Analysis of unknown biopolymer targets often involves their specific binding to known biopolymer probes. The most common technique employing immobilized biopolymers is the Southern blot hybridization technique, in which a set of DNA targets is immobilized on a membrane and a solution containing labeled DNA probe molecules is used to bathe the membrane under conditions where complementary molecules will anneal. In an analogous technique called Northern blot hybridization, RNA targets are immobilized on membranes and anneal to complementary RNA probes. Reverse blot hybridization employs the opposite approach. Instead of immobilizing DNA targets, a set of DNA probes is immobilized on a solid surface and the unknown labeled DNA target is present in the liquid phase.
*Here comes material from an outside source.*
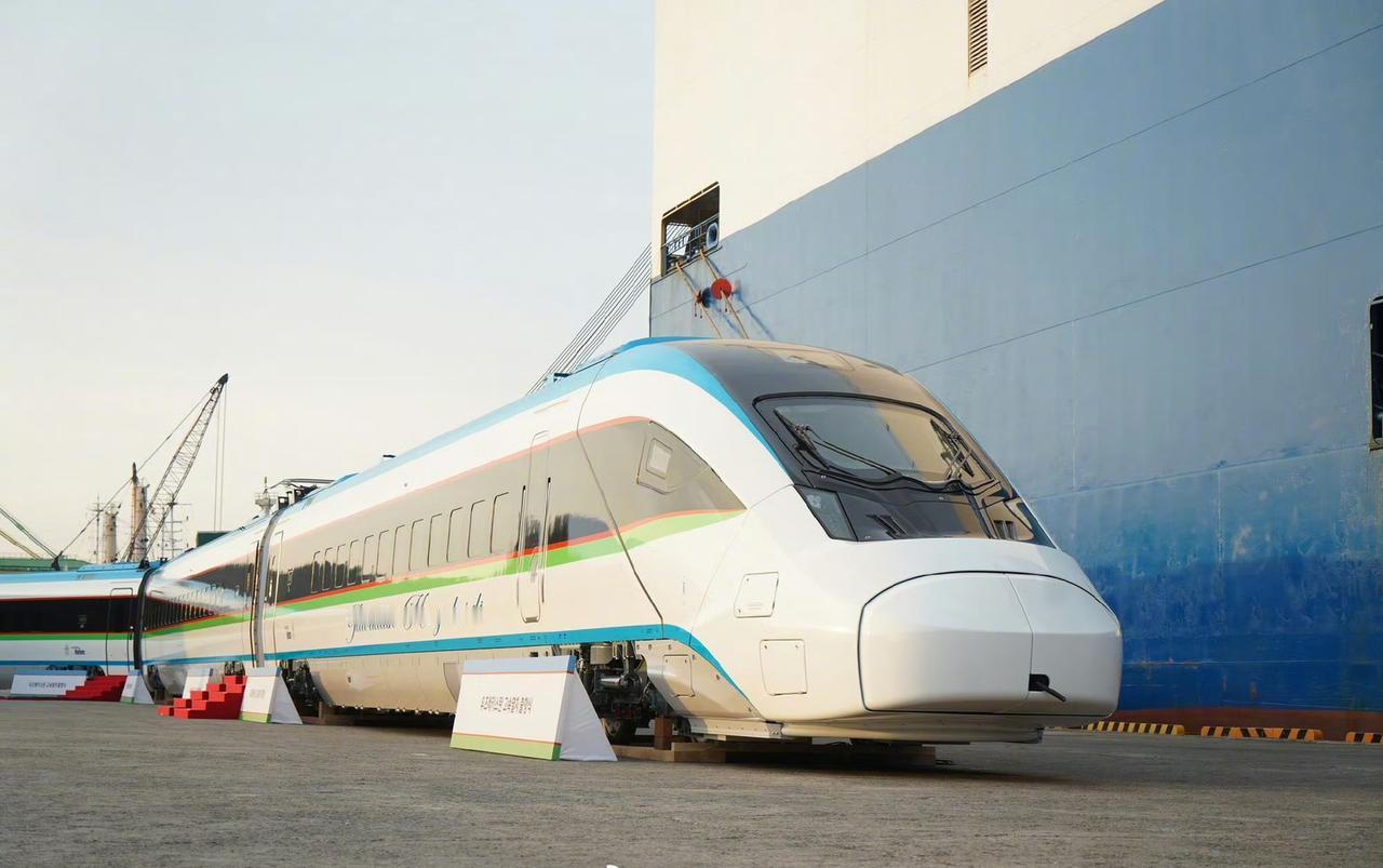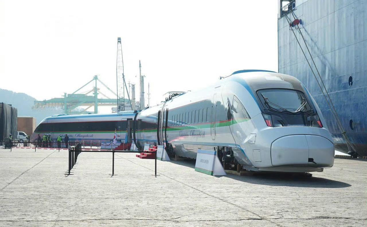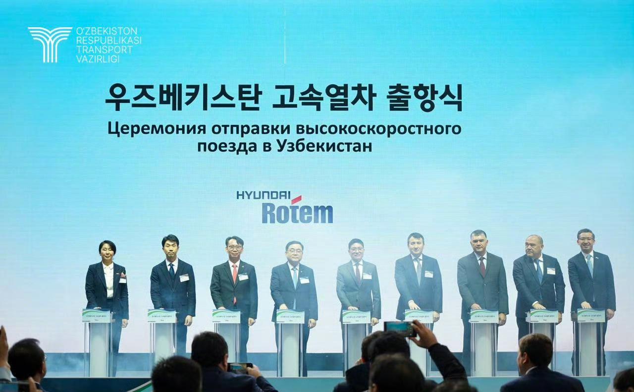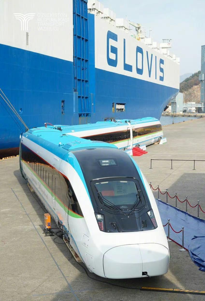 韩国也是好起来了,国产高速列车首次出口海外!直接与中国高铁竞争海外市场! 12月10日,韩国现代Rotem在昌原市马山港举行乌兹别克斯坦高速列车首列发运仪式,这也是韩国国产高速列车首次出口海外。 去年6月乌兹别克斯坦与韩国方面签订协议订购6列7节编组高速列车,随后韩国方面基于本国KTX-Eum列车,针对乌兹别克斯坦宽轨线路、极端气候以及沙漠运行环境进行了全面适配优化,从合同签署到首列发运,仅用17个月的时间,全部六列新车预计将在2027年9月前完成交付。未来将在乌国境内长达1286公里的干线上投运,其中包括连接塔什干与布哈拉的590公里高速铁路。 新车全列长175米,最多可搭载389名乘客,最高运行时速250公里,实现了近90%的韩国国产化率。动力分散设计相比乌兹别克斯坦当前运营的西班牙Talgo动力集中式高速列车有更好的加减速能力。

Arrays, constructed by attaching a plurality of the same or different biopolymers to discrete isolated areas on the surface of a substrate, are becoming increasingly important tools in the analysis of biopolymers such as gene expression analysis, DNA sequencing, mutation detection, polymorphism screening, linkage analysis, genotyping, and screening for alternative splice variants in gene transcripts.
The analysis of microarrays depends considerably on spot quality, such as morphology and homogeneity, for obtaining high levels of accuracy and consistency. Quality control of common printing defects generated during the production of an array is critical to maintaining data integrity and preventing the wastage of reagent and labor. The ability to manufacture microarrays in an efficient and cost-effective manner is of considerable interest to researchers worldwide and of significant commercial value.
One important factor in the spotting process is the chemical properties of the solution in which the biopolymer is dissolved. With the widely used saline sodium citrate (SSC) buffer, binding efficiency and spot uniformity are often poor. The problems are reduced by supplementing SSC with 50% dimethyl sulfoxide (DMSO). However, this reaction buffer has the disadvantage of being toxic as well as being a solvent for many materials, in addition to only having a limited effect on spot appearance.
Considering the issues of spot morphology and quality control in spot arraying, there is still a need for a formulation of a spotting solution that will provide uniform spot size and/or morphology in the production of assay articles such as microarrays. There also remains a need for a means of non-destructive quality control of the production of such assay articles.